━━━━━ INPUT DATA ━━━━━

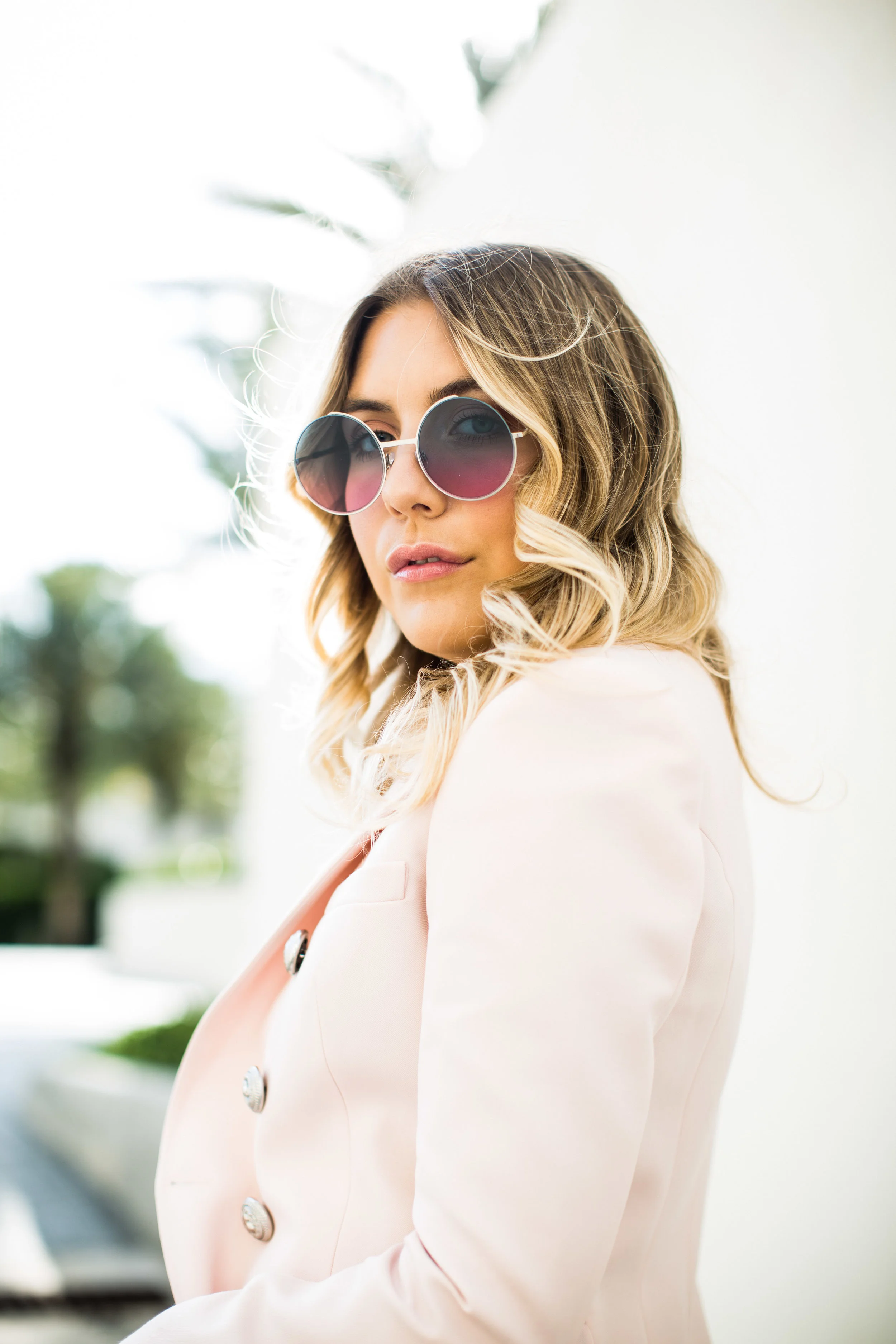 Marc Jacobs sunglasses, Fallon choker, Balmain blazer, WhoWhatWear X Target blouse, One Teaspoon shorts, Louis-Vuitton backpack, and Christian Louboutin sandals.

━━━━━
━━━━━ INPUT DATA ━━━━━

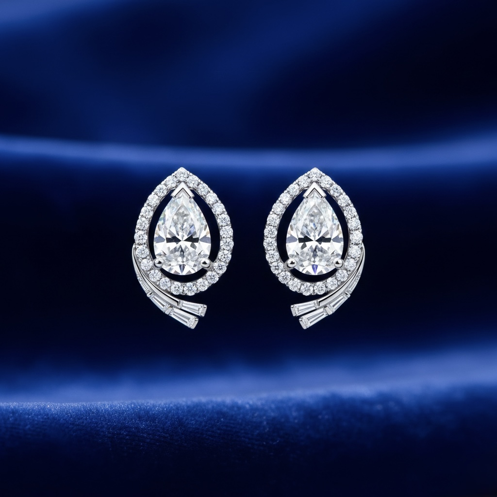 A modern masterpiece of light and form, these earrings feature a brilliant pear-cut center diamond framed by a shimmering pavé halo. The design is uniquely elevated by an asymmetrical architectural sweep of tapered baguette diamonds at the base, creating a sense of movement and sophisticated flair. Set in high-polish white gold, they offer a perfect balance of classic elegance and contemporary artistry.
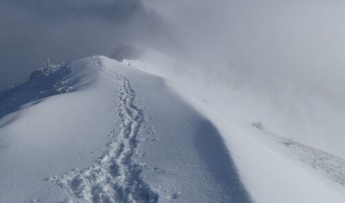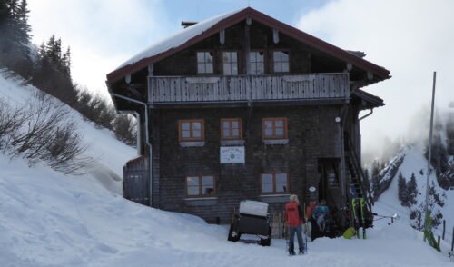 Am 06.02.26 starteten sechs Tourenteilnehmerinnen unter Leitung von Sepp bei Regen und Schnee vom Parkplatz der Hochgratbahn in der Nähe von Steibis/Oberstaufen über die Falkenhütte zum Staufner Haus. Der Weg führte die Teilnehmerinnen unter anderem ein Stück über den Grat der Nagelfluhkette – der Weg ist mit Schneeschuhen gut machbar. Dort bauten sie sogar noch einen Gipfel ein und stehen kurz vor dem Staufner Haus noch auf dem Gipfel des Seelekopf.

━━━━━

--- TO DO ---
A clean copy is needed of the lines above from the one with "A modern masterpiece" up to and including the one with "Am 06.02.26 starteten". Please set it down exactly, with no pictures.

--- RESULT ---
 A modern masterpiece of light and form, these earrings feature a brilliant pear-cut center diamond framed by a shimmering pavé halo. The design is uniquely elevated by an asymmetrical architectural sweep of tapered baguette diamonds at the base, creating a sense of movement and sophisticated flair. Set in high-polish white gold, they offer a perfect balance of classic elegance and contemporary artistry.
 Am 06.02.26 starteten sechs Tourenteilnehmerinnen unter Leitung von Sepp bei Regen und Schnee vom Parkplatz der Hochgratbahn in der Nähe von Steibis/Oberstaufen über die Falkenhütte zum Staufner Haus. Der Weg führte die Teilnehmerinnen unter anderem ein Stück über den Grat der Nagelfluhkette – der Weg ist mit Schneeschuhen gut machbar. Dort bauten sie sogar noch einen Gipfel ein und stehen kurz vor dem Staufner Haus noch auf dem Gipfel des Seelekopf.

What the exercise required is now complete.